What changed in 2026 is not the regulatory text. The text is the same. What changed is that the IRPs and capacity expansion plans utilities are now writing for the 2027 to 2029 window, the same window driving the gas turbine procurement problem covered in earlier posts in this series, have started leaning on GETs as a delivery mechanism for incremental transfer capability. The order told planners to consider GETs. The planning shops downstream are now depending on them.
What GETs actually are
The acronym covers four technology categories. The categories overlap and the vendors selling them often span more than one.
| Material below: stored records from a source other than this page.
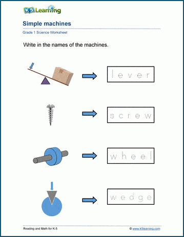 In our grade 1 forces and machines section we have created a few simple machines worksheets for your kids to practice.
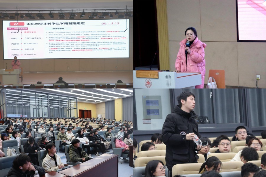 讲座伊始,孙亚对《beat365在线唯一官网本科学生学籍管理规定》进行深度解读,确保教学工作的规范性和严谨性。她解读了本科人才培养方案的构成体系和指导作用,阐述了关键内容,重点围绕学生选课的常见问题与毕业审核要求等方面展开系统讲解,并指出重要时间节点和事项,特别是毕业生要把握重点,提前规划,加强学术诚信。在选课常见问题阶段,孙亚介绍了选课流程,帮助同学们规避选课误区,轻松、高效地完成选课。针对选课流程中的核心环节作出重点提醒,孙亚强调需严格参照班级课表选择必修课程,提醒学生注意课程代码一致性及重修课程属性修改等细节,防止出现选择同名课程但不同编号导致无法毕业的现象。在毕业审核要求阶段,她特别指出除明确学分、绩点、体测等硬性指标外,“稷下创新”“齐鲁创业”等特色课程以及人文、国学等相关课程也有相应的学分要求。最后孙亚根据毕业审核所遇到的常见问题,例如,毕业时间节点、任选课程学分的补修等内容进行了详细解答。
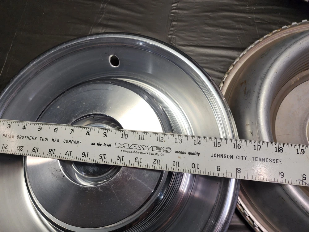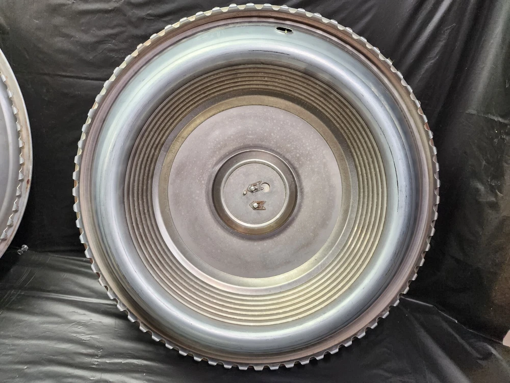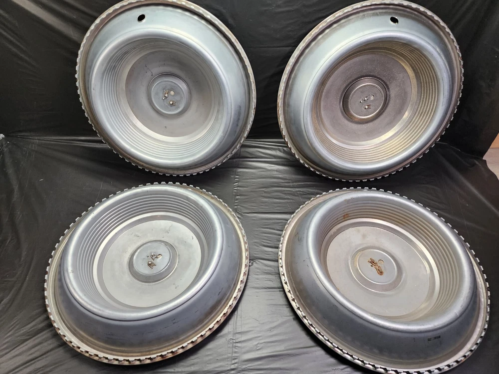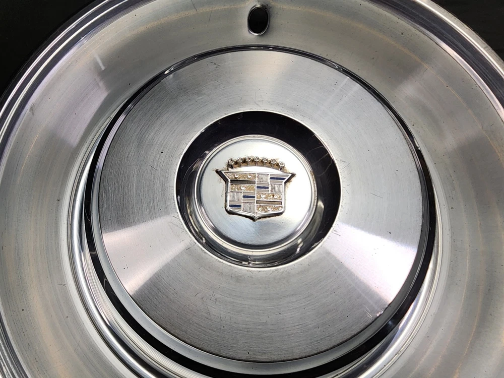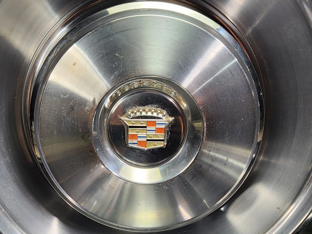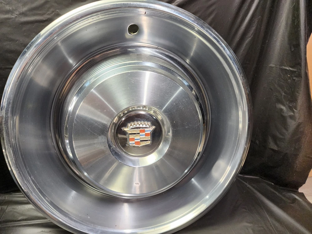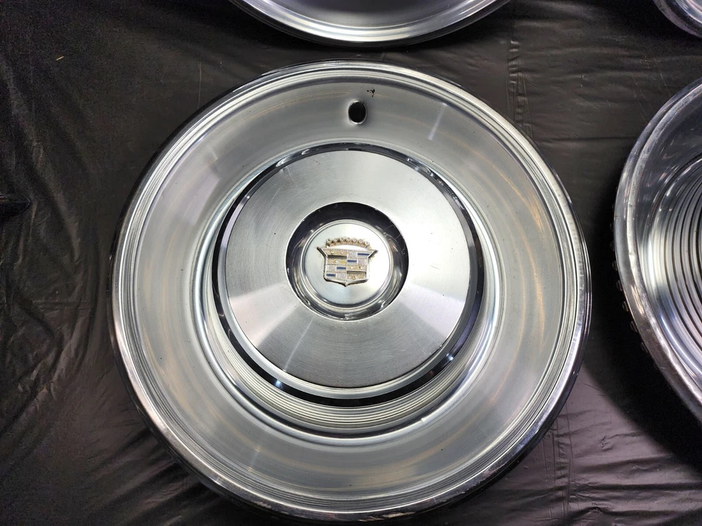 really clean set of 4 60s cadillac sombrero style hubcaps/ wheel covers for 15 in rims. in great condition regarding their age and slight use. minor fading and scuffing, could use a good polishing to bring em back to full shine, but otherwise in beautiful condition. These are Used hubcaps off of old classic cars that were driven on the road, so please see photos for complete condition as they are not all perfect. Check out more of my ebay page as we are going through and listing a ton of classic / vintage hubcaps from the the 20's 30's 40's 50's 60's 70's 80's 90's 00's and up. all different makes and models such as Ford Chevy Chevrolet GM Cadillac GMC camero nova Chevelle Nomad Bel Air Mercury Corvette Mustang Oldsmobile Pontiac Lincoln Dodge Plymouth Buick Chrysler Mopar Fairlane Volkswagen Cheiftain Challanger Charger 1500 4x4 muscle car hot rod rat rod Cars and Trucks 15in 14in 16in and so much more from full sets to sets of 2 and singles, you name it check us out!
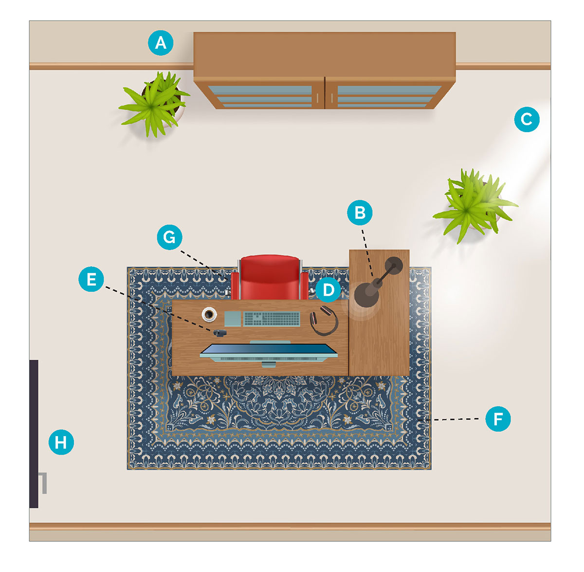 A - Choose a clean but interesting background. Avoid excess clutter or stark white walls. If you don’t have a clean background, choose a virtual backdrop.
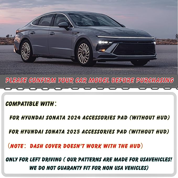 - 【PERFECT MATCH】:The Dash Cover is meticulously crafted to provide a perfect fit for Hyundai Sonata 2024 2025 (Note:dash cover doesn't work with the HUD) Model, enhancing the overall look of your vehicle's interior. (Note:Only for left driving)
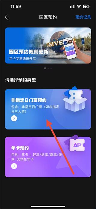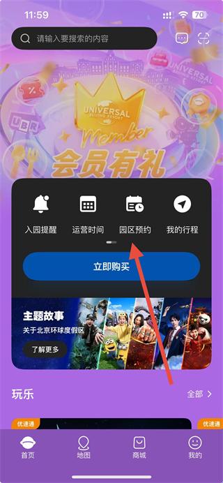 1、打开北京环球度假区APP,在首页点击园区预约选项。
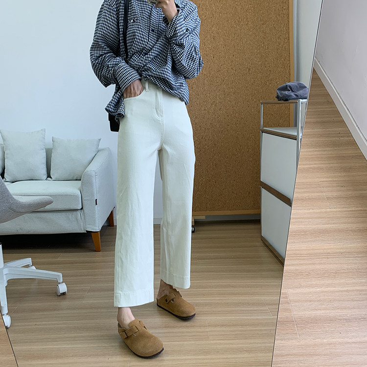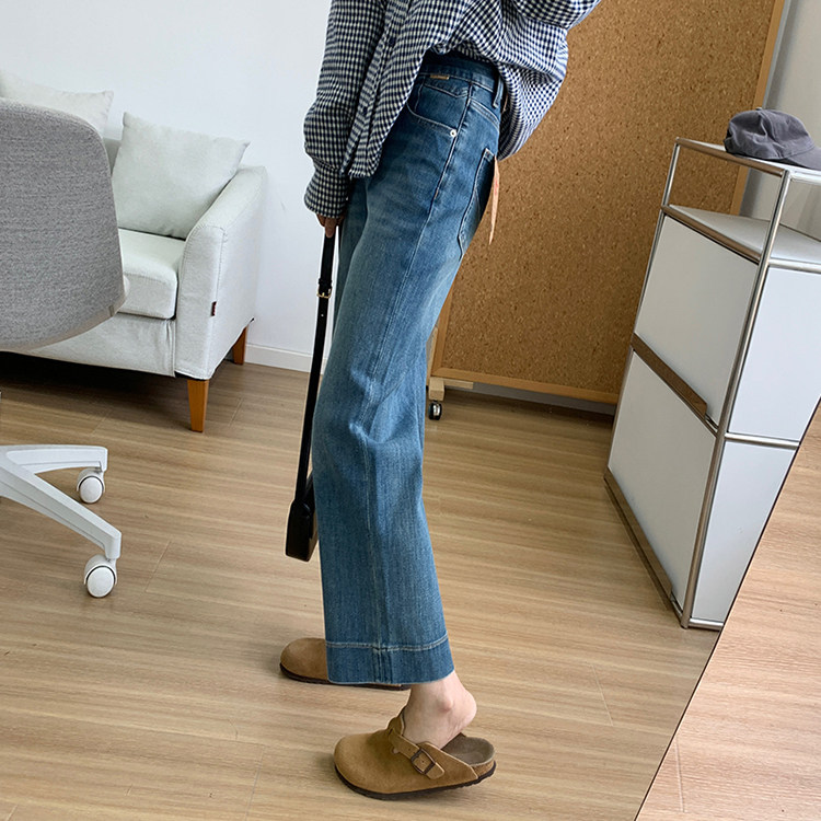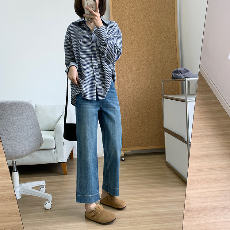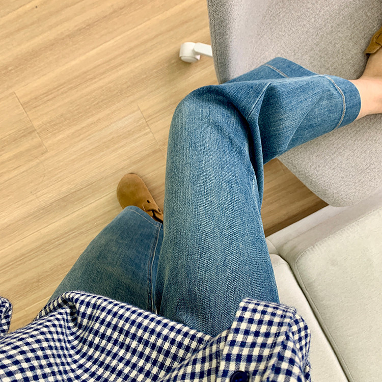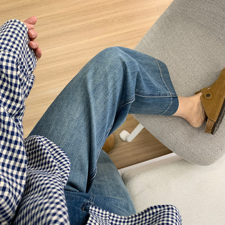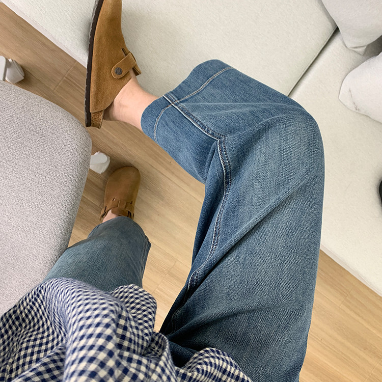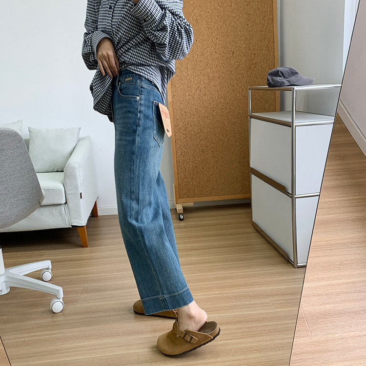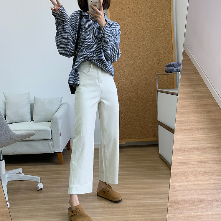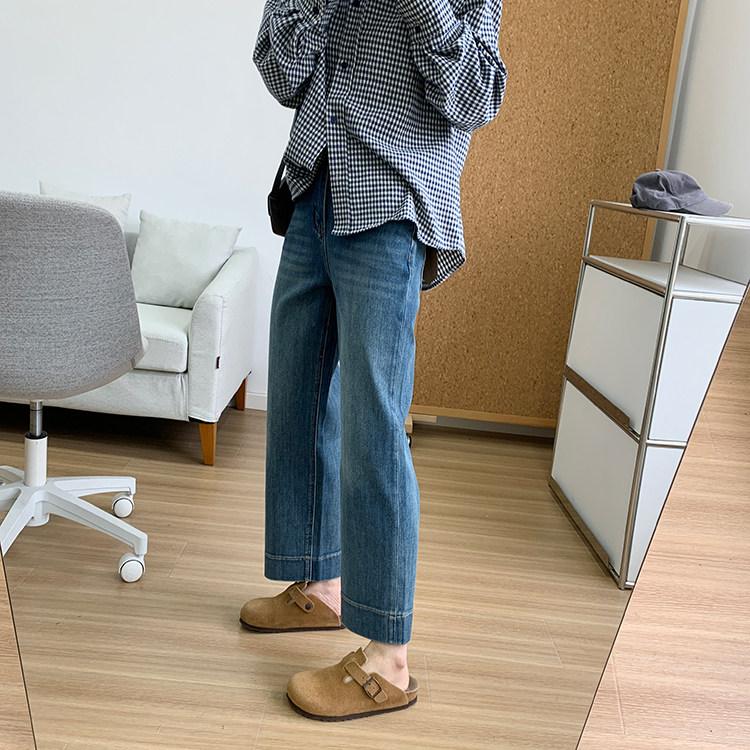 雀说神裤本裤!显瘦显直四面弹直筒牛仔裤女秋季新款小个子九分阔腿裤ALW1806
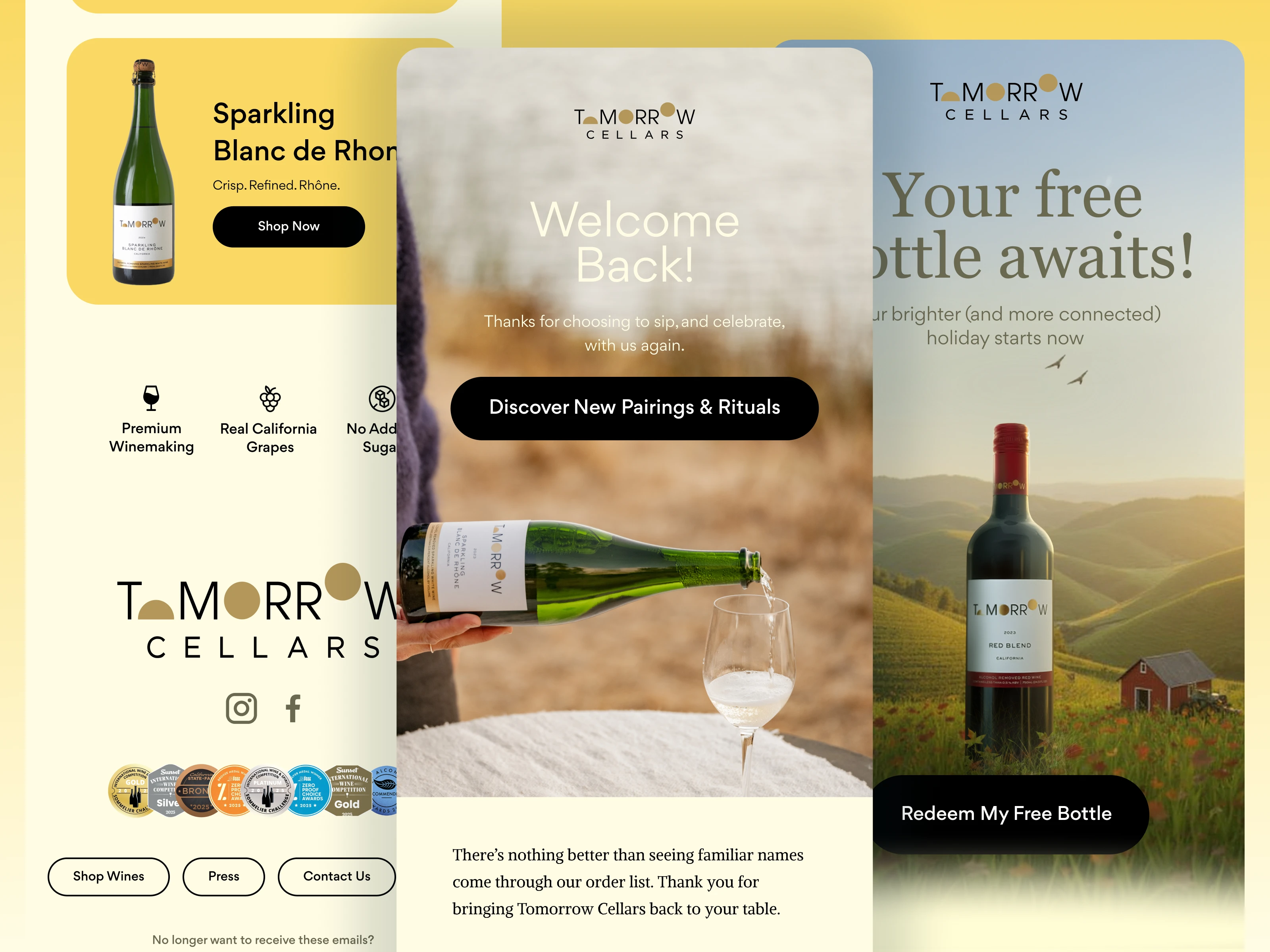 I designed conversion-focused emails and promos for Tomorrow Cellars, creating warm, elegant experiences that drive discovery and reward redemption.

Dynamic line ratings are the largest single bucket by deployment volume. A conventional transmission line is rated on a static basis, usually a conservative summer rating that assumes 95 degree Fahrenheit ambient, low wind, and full solar load. Real conditions for most of the year are below those assumptions. A DLR system uses sensors on the line (LineVision, Heimdall Power, Ampacimon, LineVision again) or weather modeling tied to line geometry to set a real-time rating that reflects actual conditions. Typical observed gains on lines where DLR has been deployed are 10 to 30 percent of additional thermal capacity, available most hours of the year, with the largest gains on lines that face into prevailing winds.
Advanced power flow controls, mainly the Smart Wires SmartValve and a small set of competing products, install power-electronics-based devices on transmission lines that can dynamically push or pull power flow off congested paths and onto underutilized parallel paths. They do not add new wires. They use existing wires more fully. The unit economics depend on the specific congestion pattern, but on networks where parallel-path congestion is the binding constraint, the deferred capital cost from avoided reconductoring or new-build can be a multiple of the device cost.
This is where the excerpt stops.